When the waitress, a heavyset woman in her fifties, came over to see whether I wanted another beer, she glanced down at the half dozen paper pellets I’d fired off.

“Nice range,” she said. “Another?”

I was about to say yes, but any more to drink and I wasn’t going to be able to drive myself home. I was probably already in the danger zone.

“No, I’m good,” I said.

The waitress stood there a minute, looking at me.

“You been in here before?” she asked.

“Not sure,” I said, which was true. “Not in a while, anyway.”

“Because you look familiar to me. Pretty sure I’ve seen you somewhere. Although not lately.”

“Maybe I just have that kind of face,” I said.

“What’s your name?”

“Carville,” I said. “Andrew Carville.”

“Oh, okay,” she said, nodding. “I had you pegged as somebody else, but his last name was Mason.”

“Well, there you go,” I said, and slapped some bills on the table as she waltzed away.

I couldn’t put it off any longer. I went out, got in the Explorer, and headed for home.

I was almost there, not even a block away, when I saw that car again, the one I’d seen heading down the street to Max’s house.

Detective Hardy.

Coming from the direction of my place.

I watched her unmarked car disappear in my rearview, then hit the blinker to turn down my street.

When I got to my house, Jayne was sitting on the front step, waiting.

Looked like I wouldn’t have to tell Jayne much of anything, after all. I was guessing the detective had already filled her in.

Thirteen

“I brought flowers,” Isabel McBain said. “This room needs some color.”

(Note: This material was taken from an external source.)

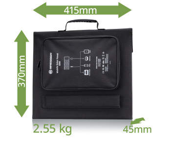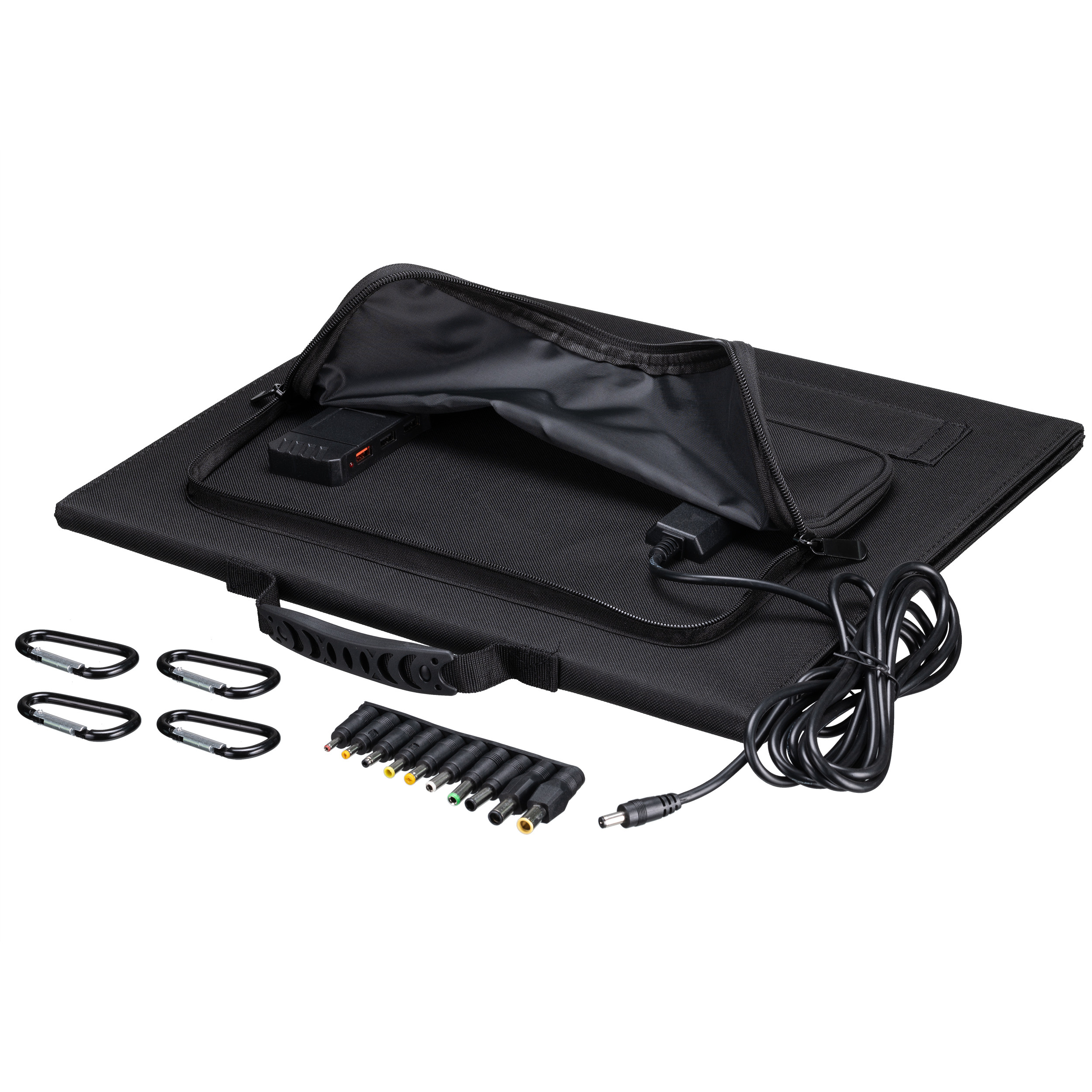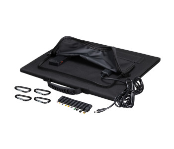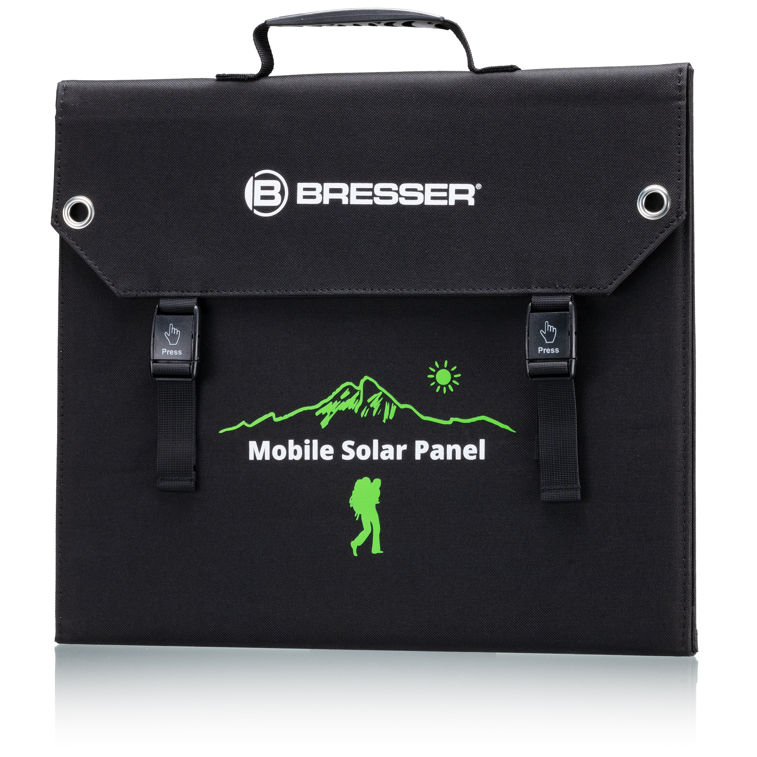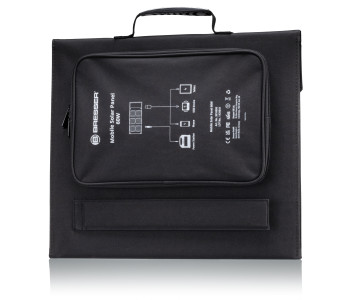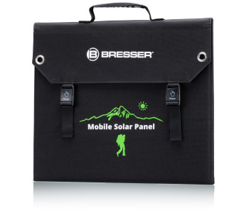 Портативний сонячний зарядний пристрій Bresser Mobile Solar Charger 60 Watt призначений швидко заряджати смартфони, планшети, ноутбуки та зовнішні акумуляторні батареї. Інноваційна технологія сонячних батарей, на основі монокристалічних кремнієвих елементів, забезпечує високу ефективність та максимально швидку зарядку різних акумуляторів. Міцна та надійна тканина Cordura захищає сонячну панель від механічних пошкоджень та забезпечує необхідну стабільність під час використання. Сонячна панель має додатковий захист завдяки застосуванню при виготовленні пило- та водовідштовхувальних матеріалів, але не розрахована на використання під проливним дощем або зануренню безпосередньо у воду. Для надійної фіксації панелі до об'єкту (палатка, автомобіль, рюкзак, дерево), в комплект поставки входять 4 міцні карабіни.

Her mother, Elizabeth, turned her head wearily on the pillow to see what Isabel was up to. She was arranging a small bouquet in a foot-tall metal vase on the movable dining table that had been wheeled away from the bed. Isabel’s husband, Norman, tall, thin, and balding, stood back, watching his wife fuss about.

“What do you think of that?” she asked. “Don’t they look nice?”

“They look wonderful, Izzy,” Elizabeth whispered. “How are you today, Norman?”

“Fine, Elizabeth,” he said flatly while Isabel continued to arrange the bouquet. She took a step back, studied her handiwork, concluded they were not quite right, then repositioned several of them. “Norman, what do you think?”

“That one in the front seems a bit droopy.”